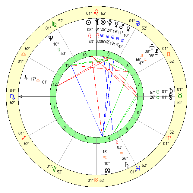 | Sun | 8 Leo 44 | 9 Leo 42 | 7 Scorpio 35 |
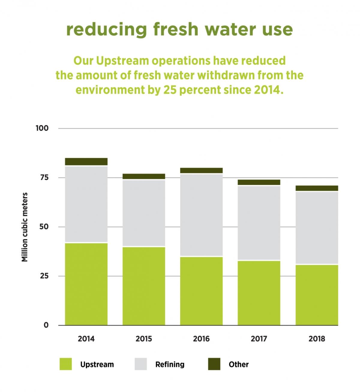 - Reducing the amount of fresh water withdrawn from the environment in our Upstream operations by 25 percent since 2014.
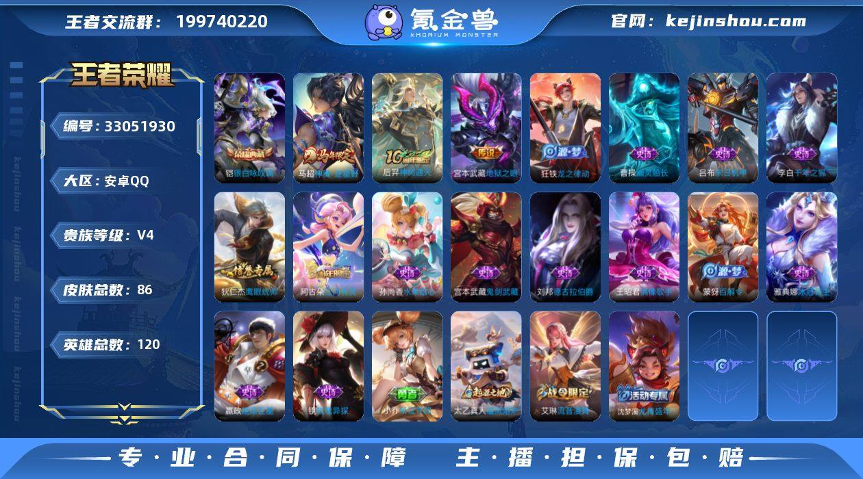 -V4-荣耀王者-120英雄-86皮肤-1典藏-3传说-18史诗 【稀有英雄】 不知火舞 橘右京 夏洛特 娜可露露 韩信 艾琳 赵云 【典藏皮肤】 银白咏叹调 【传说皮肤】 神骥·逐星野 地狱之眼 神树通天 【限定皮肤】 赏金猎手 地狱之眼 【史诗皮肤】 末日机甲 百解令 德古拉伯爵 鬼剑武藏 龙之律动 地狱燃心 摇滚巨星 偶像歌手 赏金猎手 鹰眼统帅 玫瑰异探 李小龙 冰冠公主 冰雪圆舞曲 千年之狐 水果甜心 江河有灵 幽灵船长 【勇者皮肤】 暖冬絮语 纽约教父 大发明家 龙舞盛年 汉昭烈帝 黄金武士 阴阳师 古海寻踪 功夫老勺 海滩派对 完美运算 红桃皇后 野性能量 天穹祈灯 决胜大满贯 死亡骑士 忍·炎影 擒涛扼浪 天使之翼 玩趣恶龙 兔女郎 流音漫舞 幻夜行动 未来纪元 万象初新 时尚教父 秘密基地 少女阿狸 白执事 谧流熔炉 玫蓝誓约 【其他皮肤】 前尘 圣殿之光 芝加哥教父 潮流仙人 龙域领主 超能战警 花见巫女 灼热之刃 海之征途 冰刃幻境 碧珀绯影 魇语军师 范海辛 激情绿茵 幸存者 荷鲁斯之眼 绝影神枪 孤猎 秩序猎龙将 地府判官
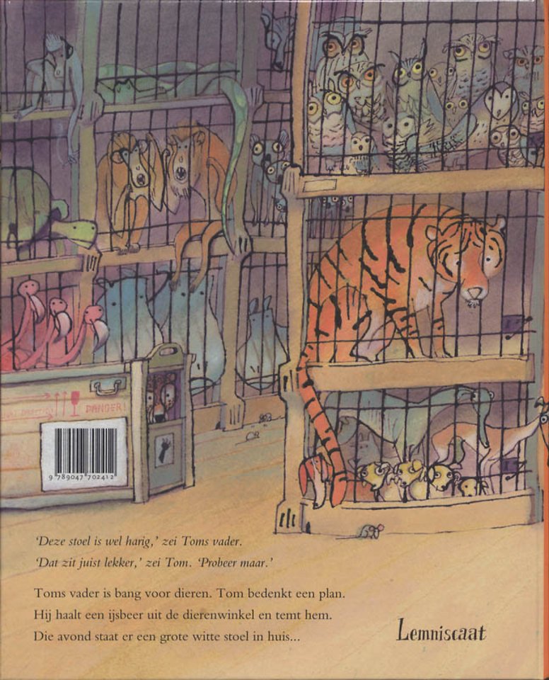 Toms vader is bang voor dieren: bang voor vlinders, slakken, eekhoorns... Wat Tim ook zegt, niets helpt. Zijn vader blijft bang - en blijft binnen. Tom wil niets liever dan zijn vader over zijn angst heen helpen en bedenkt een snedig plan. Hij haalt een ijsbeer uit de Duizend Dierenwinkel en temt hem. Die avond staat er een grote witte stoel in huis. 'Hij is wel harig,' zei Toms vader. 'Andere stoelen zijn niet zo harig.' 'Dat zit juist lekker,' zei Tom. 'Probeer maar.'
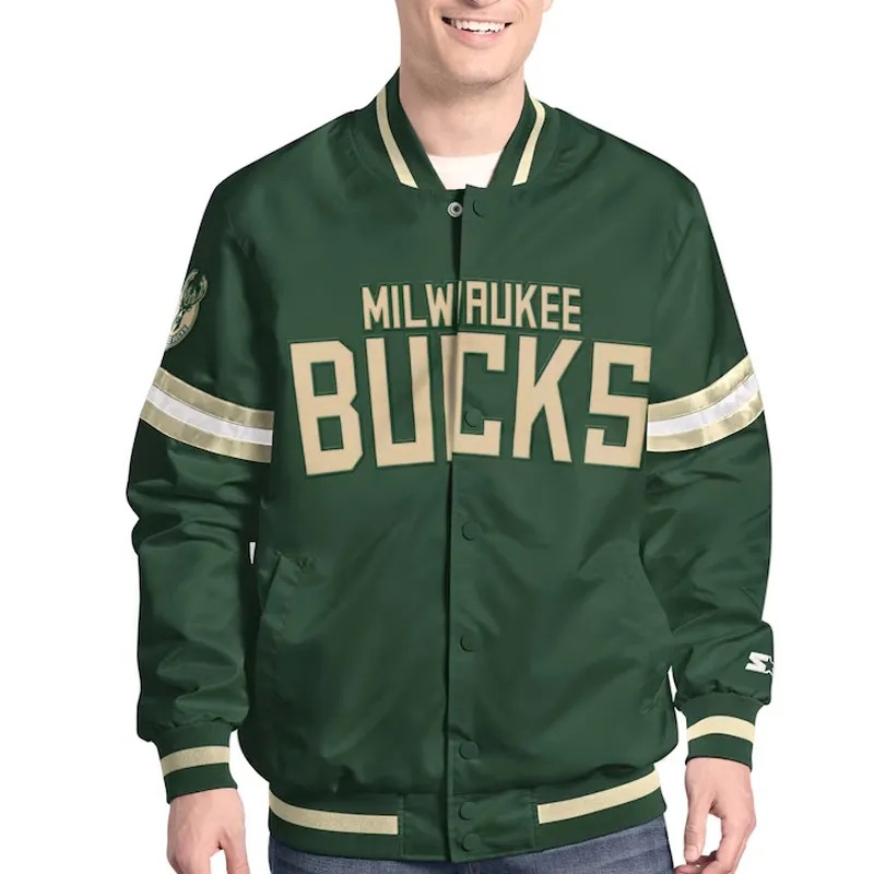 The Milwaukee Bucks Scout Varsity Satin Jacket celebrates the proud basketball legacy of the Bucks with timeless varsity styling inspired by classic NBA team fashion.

==

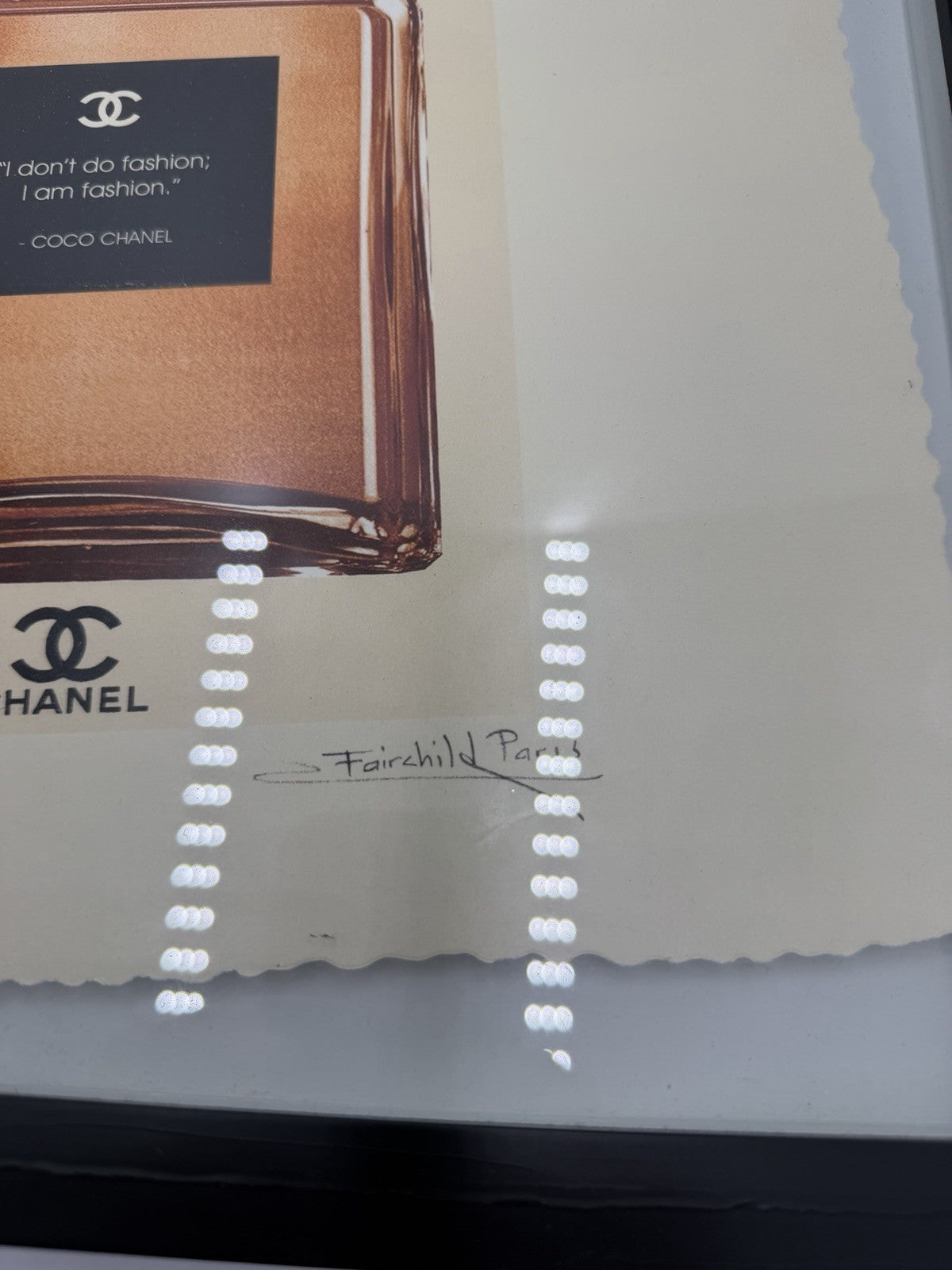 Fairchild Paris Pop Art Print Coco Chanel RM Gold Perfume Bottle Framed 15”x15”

Work order: Lines wanted from the entries above: the one with "-V4-荣耀王者-120英雄-86皮肤-1典藏-3传说-18史诗 【稀有英雄】 不知火舞", the one with "The Milwaukee Bucks", and all lines between. Please copy them exactly, without the pictures and without anything else.

Result for this task:
 -V4-荣耀王者-120英雄-86皮肤-1典藏-3传说-18史诗 【稀有英雄】 不知火舞 橘右京 夏洛特 娜可露露 韩信 艾琳 赵云 【典藏皮肤】 银白咏叹调 【传说皮肤】 神骥·逐星野 地狱之眼 神树通天 【限定皮肤】 赏金猎手 地狱之眼 【史诗皮肤】 末日机甲 百解令 德古拉伯爵 鬼剑武藏 龙之律动 地狱燃心 摇滚巨星 偶像歌手 赏金猎手 鹰眼统帅 玫瑰异探 李小龙 冰冠公主 冰雪圆舞曲 千年之狐 水果甜心 江河有灵 幽灵船长 【勇者皮肤】 暖冬絮语 纽约教父 大发明家 龙舞盛年 汉昭烈帝 黄金武士 阴阳师 古海寻踪 功夫老勺 海滩派对 完美运算 红桃皇后 野性能量 天穹祈灯 决胜大满贯 死亡骑士 忍·炎影 擒涛扼浪 天使之翼 玩趣恶龙 兔女郎 流音漫舞 幻夜行动 未来纪元 万象初新 时尚教父 秘密基地 少女阿狸 白执事 谧流熔炉 玫蓝誓约 【其他皮肤】 前尘 圣殿之光 芝加哥教父 潮流仙人 龙域领主 超能战警 花见巫女 灼热之刃 海之征途 冰刃幻境 碧珀绯影 魇语军师 范海辛 激情绿茵 幸存者 荷鲁斯之眼 绝影神枪 孤猎 秩序猎龙将 地府判官
 Toms vader is bang voor dieren: bang voor vlinders, slakken, eekhoorns... Wat Tim ook zegt, niets helpt. Zijn vader blijft bang - en blijft binnen. Tom wil niets liever dan zijn vader over zijn angst heen helpen en bedenkt een snedig plan. Hij haalt een ijsbeer uit de Duizend Dierenwinkel en temt hem. Die avond staat er een grote witte stoel in huis. 'Hij is wel harig,' zei Toms vader. 'Andere stoelen zijn niet zo harig.' 'Dat zit juist lekker,' zei Tom. 'Probeer maar.'
 The Milwaukee Bucks Scout Varsity Satin Jacket celebrates the proud basketball legacy of the Bucks with timeless varsity styling inspired by classic NBA team fashion.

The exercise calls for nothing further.